Table 1 Primers used for qRT-PCR.

Actinomycin D Assay

Huh7 and SMMC-7721 cells were treated with 2 μg/mL actinomycin D (Amyjet, Wuhan, China) for 0, 4, 8, 12, and 24 h. After the cells were harvested, the expression levels of circ_0000098 and SLC30A7 mRNA were detected by qRT-PCR to verify the stability of circ_0000098.

Cell Transfection

Empty plasmid vector (Vector), circ_0000098 overexpression plasmid (circ_0000098-OE), siRNA negative control (si-NC), siRNAs targeting circ_0000098 (si-circ_0000098#1 and si-circ_0000098#2), miRNA mimics control (miR-NC), miR-1204 mimics, miR-1204 inhibitors (miR-1204-in), negative controls (miR-in), siRNAs targeting ALX4 (si-ALX4), and its negative control (si-NC) were available from GenePharma Co., Ltd. (Shanghai, China). The cells were transfected with Lipofectamine™ 3000 (Invitrogen, Carlsbad, CA, USA). After 48 h, the transfection efficiency was detected by qRT-PCR.

Cell Proliferation Assay

Cell proliferation was detected by a cell counting kit-8(CCK-8) kit (Beyotime, Jiangsu, China). To be specific, Huh7 and SMMC-7721 cells were transferred in a 96-well plate at a density of 2×10³ cells/well. At different time points (0, 1, 2, 3, 4, and 5 d), 100 µL of serum-free medium and 10 µL of CCK-8 solution were added to each well, followed by the incubation at 37°C for 1 h. Next, a ELX-800 spectrometer microplate reader (Bio-Tek Instruments, Winooski, VT, USA) was used to measure the absorbance at the wavelength of 450 nm.

Wound Healing Assay

The cells were inoculated in a 6-well plate at a density of 1×10⁵ cells/well. When cells reached 80%~90% confluence, a sterile pipette was adopted to make a cell-free scratch. The the cells were cultured with serum-free medium. Wound healing was monitored at 0 and 24 h by an inverted optical microscope (Nikon, Tokyo, Japan).

Transwell Assay

Cell migration and invasion were evaluated with Transwell chamber (pore size 8.0μm; Millipore, Billerica, MA, USA). The transfected Huh7 and SMMC-7721 cells (4×10⁵ cells) were resuspended in 200 µL of serum-free DMEM and then added into the upper chamber of Transwell chamber, and the bottom chamber was added with 500 μL of complete medium containing 10% FBS. After 24 h, the cells remaining on the upper membrane surface were removed. Moreover, the cells on the bottom surface were fixed in 4% paraformaldehyde and stained with 0.1% crystal violet (Beyotime, Jiangsu, China). Images were captured by an inverted optical microscope, and the number of cells in five random fields of view was counted. Matrigel (diluted 1: 9, Corning Incorporated, Corning, NY, USA) was used to cover the membrane in invasion assay, but it was not used during the process of migration assay.
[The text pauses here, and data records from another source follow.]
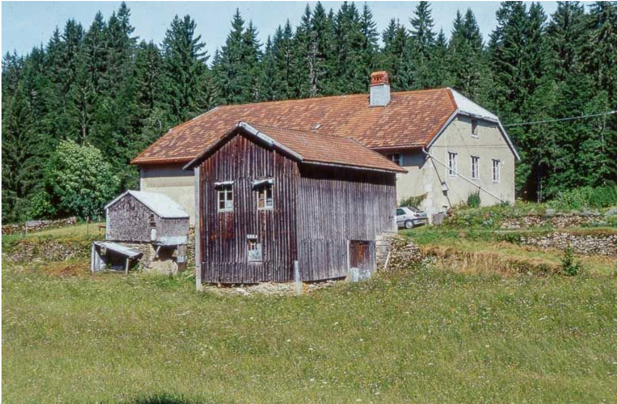
Vue d'ensemble de la ferme, de la remise et du " grenier fort ".

39, Longchaumois, lieudit : les Repentys
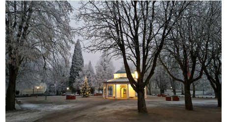
Brunnentempel Weihnachten
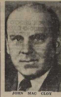
JOHN MAC CLOY

Mac Cloy dijo que ahora las fuerzas aliadas no están en Alemania como ocupantes, sino como defensores, y que el objetivo de las potencias occidentales es el de “ayudar a Alemania a constituir una unidad democrática bajo un Gobierno libremente elegido. Los comunistas se oponen a esta unión. Nosotros hacemos cuanto es posible por promoverla”.
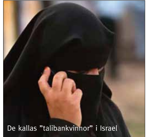
De kallas ”talibankvinnor” i Israel

• Puah-institutet för medicin och halacha , som hjälper religiösa par med fruktbarhetsproblem, anordnade i höstas en konferens i Jerusalem. Trots ämnet – och trots att detta utspelar sig i en modern stat på 2000-talet – fick kvinnor inte närvara. Några manliga ultraortodoxa deltagare ansåg det vara i
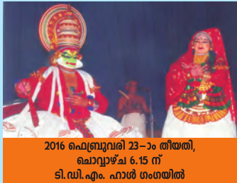
2016 ഫെബ്രുവരി 23-ാം തീയതി, ഫെബ്രുവരി 6.15 ന് ടി.ഡി.എം. ഹാൾ ഗംഗയിൽ

കഥാസാരം : ദേവരക്ഷയ്ക്കായി ദേവൻമാർ ഗുരു സുതനായ കച്ചനെ ഉപായത്തിൽ ശുക്രമഹർഷിയിൽ നിന്ന് മുതസഞ്ജീവനി കരസ്ഥമാക്കാനായി അയയ്ക്കുന്നു. കച്ചൻ മഹർഷിയിൽ നിന്നും വിദ്യകൾ പഠിച്ച് താമസിക്കുമ്പോൾ, മഹർഷിയുടെ പുത്രിയായ ദേവയാനി കച്ചനിൽ അനുകരണയാകുന്നു. കച്ചൻ സഹോദരിയെപ്പോലെ മാത്രമേ ദേവയാനിയെ കണ്ടിരുന്നുള്ളൂ. ഒരു ദിവസം കാലികളെ മേയ്ക്കാനായി കാട്ടിൽപോയ കച്ചനെ സുകേതു എന്ന അസുരൻ വെട്ടിക്കൊന്ന് മദ്യത്തിൽ കലക്കി ശുക്രമുനിക്ക് സമ്മാനിക്കുന്നു. സന്ധ്യയായിട്ടും കച്ചനെ കാണാതെ ദേവയാനി വിഷമിക്കുന്നു. അപ്പോൾ മദ്യം കഴിച്ച കാര്യം ഓർത്ത മഹർഷി കച്ചൻ തന്റെ വയറ്റിൽ ഉണ്ടെന്ന് ഓർക്കുന്നു. ദേവയാനി കച്ചനേയും വേണമെന്ന് നിർബന്ധം പിടിക്കുന്നു. മഹർഷി വയറ്റിൽ കിടക്കുന്ന കച്ചന് മുതസഞ്ജീവനി മന്ത്രം ഉപദേശിക്കുന്നു. ശുക്രന്റെ വയർ പിളർന്ന് കച്ചൻ പുറത്തേക്ക് വരുന്നു. കച്ചൻ ഗുരുദക്ഷിണയായി മന്ത്രം ഗുരുവിൽ പ്രയോഗിക്കുന്നു. കച്ചൻ അവിടെ നിന്നും പോകാൻ തുടങ്ങുമ്പോൾ പാണിഗ്രഹണ കാര്യം ദേവയാനി പറയുന്നു. പക്ഷെ കച്ചൻ സഹോദരിയെപ്പോലെയെന്ന് നീ എന്നും എന്ന് ഓർമ്മിപ്പിക്കുന്നു. എന്നാൽ പഠിച്ച വിദ്യകൾ വിഫലമാകട്ടെ എന്ന് ദേവയാനിയും ബ്രഹ്മകുലത്തിൽ പിറന്ന ആര്യം നിന്നെ വിവാഹം ചെയ്യുകയില്ലെന്ന് കച്ചൻ തിരിച്ച് ദേവയാനിയെയും ശപിക്കുന്നു. അങ്ങിനെ ഏകോദരസഹോദരൻമാരെ പോലെ പെരുമാറിയിരുന്ന ആ യുവമിഥുനങ്ങളുടെ വേർപാട് ഉണ്ടാകുന്നു.
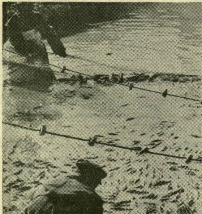
Két brigád halásza napról napra Fehértót. Akik a sándorfalvi oldalon húzzák a hálót, kétszáz tíz mázsát fognak naponta

Dual-Luciferase Reporter Assay

The wild type (WT) or mutant type (MUT) of circ_0000098 or ALX4 3’-UTR sequence was amplified and cloned into the psiCHECK-2 vector (Promega, Madison, WI, USA) to construct luciferase reporter plasmid (circ_0000098-WT/MUT or ALX4 3’-UTR-WT/MUT). The reporter plasmids, together with miR-1204 mimic or miR-NC, were co-transfected into Huh7 and SMMC-7721 cells by Lipofectamine™ 3000. After 48 h, the luciferase activity was detected by the dual-luciferase reporter analysis kit (Promega, Madison, WI, USA).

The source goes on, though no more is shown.